As an installation artist, Eunsook Lee grafts commemorative narratives of wartime soldiers and victims onto challenging, multisensory, contemporary art forms. Motivated by the tragedies of her own family history—her father left his family in North Korea and later passed away never having had a chance to reunite with them— Lee has sought to engage in the collective and personal sense of wartime trauma. As a reminder of the sorrow of separated families, she has exhibited her public light art in high-profile locations: Vanished Berlin Wall in Berlin, Separated Names at the DMZ in Korea, and Chair of Understanding in Hong Kong. She hopes to see the reunification of separated families not only from North and South Korea but among people displaced by conflicts around the world. In her search for a way to heal her own personal trauma—resulting from her family situation and an injury suffered while creating her art work— Lee suggests artistic healing through overlapping fragments of history. Her artistic tools include polyester film, archived photographs, fluorescent neon threads, acrylic, and black lighting. Lee’s projects require painstaking manual fabrication and the collaboration of many hands, a process in which the artist and participants can meditate and better grasp the meaning of life based on the importance of human connections.
Eunsook Lee is a Korean artist who works internationally. She had presented numerous solo and group exhibitions in Korea, Hong Kong, Canada, USA, Germany, and Swiss. Recognition she has received includes First Place in the 2015 Contemporary Visual Art Competition by the AHL Foundation, the first “Go Unikorea Festival” concert background artwork director, and Innovative Use of Materials at Fiberarts International '97 in Pittsburg, PA. Lee’s education includes a Master of Fine Arts from Hongik University and a BFA in Fine Arts from Ewha Womans University in Korea.
In April of 1986, I was working with paraffin which overheated and 40% of my body was burned. After graduating from a woman’s university and majoring in embroidery, I had always dreamed of being married, being the best wife and a mother and working on my art. It had only been a year, after giving birth to my two children, that I was finally living the life that I had dreamed of, reconnecting with the artist within me. A year, and my whole body was burned and I was looking at death, face to face. I changed.
Is there an afterlife? Was there a life before this? Why was I here? Are these worlds connected?
My children can continue their life, live and grow even after I die, but my work stops the moment I stop living. This led me to constantly think and worry about my work which is completely dependent on me. The doctors told me that I would not be able to use my right hand. Forever. In those hours of despair, all I could do was pray. Then one day, I met Jesus in my dream and He sent 5 bright rays of light onto my fingers.
I decided not to believe in the doctors and underwent 8 surgeries and 3 years of rehabilitation. Every living moment was agony, but slowly, my fingers started to move.
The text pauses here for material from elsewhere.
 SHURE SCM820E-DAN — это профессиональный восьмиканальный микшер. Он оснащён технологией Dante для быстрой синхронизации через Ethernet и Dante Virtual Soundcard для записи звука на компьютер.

Although still numb, they were moving and the doctors told me it was a miracle. The fact that I was able to move my fingers again was a newly acquired skill. I started to work on projects that constantly kept my fingers working. The first artwork from my new life was called ‘Body and Soul’ (1989) and was my first installation art. In the project, I used UV light, to introduce the many souls I had encountered at the doorsteps of death. I wanted my small existence to be known and came up with a 10 meter installation work, The ‘Waiting Soul’ (1994) followed by ‘Umbilical Cord’ (1994), The ‘Lost Embryo’ (1999), all to express life. Thread is like blood vessels to me.
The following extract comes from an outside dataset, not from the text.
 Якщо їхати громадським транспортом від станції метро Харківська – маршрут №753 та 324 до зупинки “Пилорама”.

Untangling of the thread on a reel and dream-like images seen under the darkened UV light speak of my life. Amongst critics who ridiculed my works as a rendezvous of plastic pieces and fluorescence underneath a disco light, I persisted my storytelling. In 2010, my father passed away without ever having heard of his children in the north. In my next exhibition, I made an installation at DMZ that included all the vowels and consonants of the names of separated families, to appease my father’s wounded soul. I started looking deeper within. Hurt from the loved ones doesn’t always start with something as grandiose as war. It can start with a simple misunderstanding, but the pain is as real and as damaging, if not more. Although close in proximity, there are many families who are cut off from one another. To me, Yarn is the thread
that connects what has been separated, for a more hopeful tomorrow. I sincerely desire that my work with yarn may send a message of comfort, of understanding, and of peace.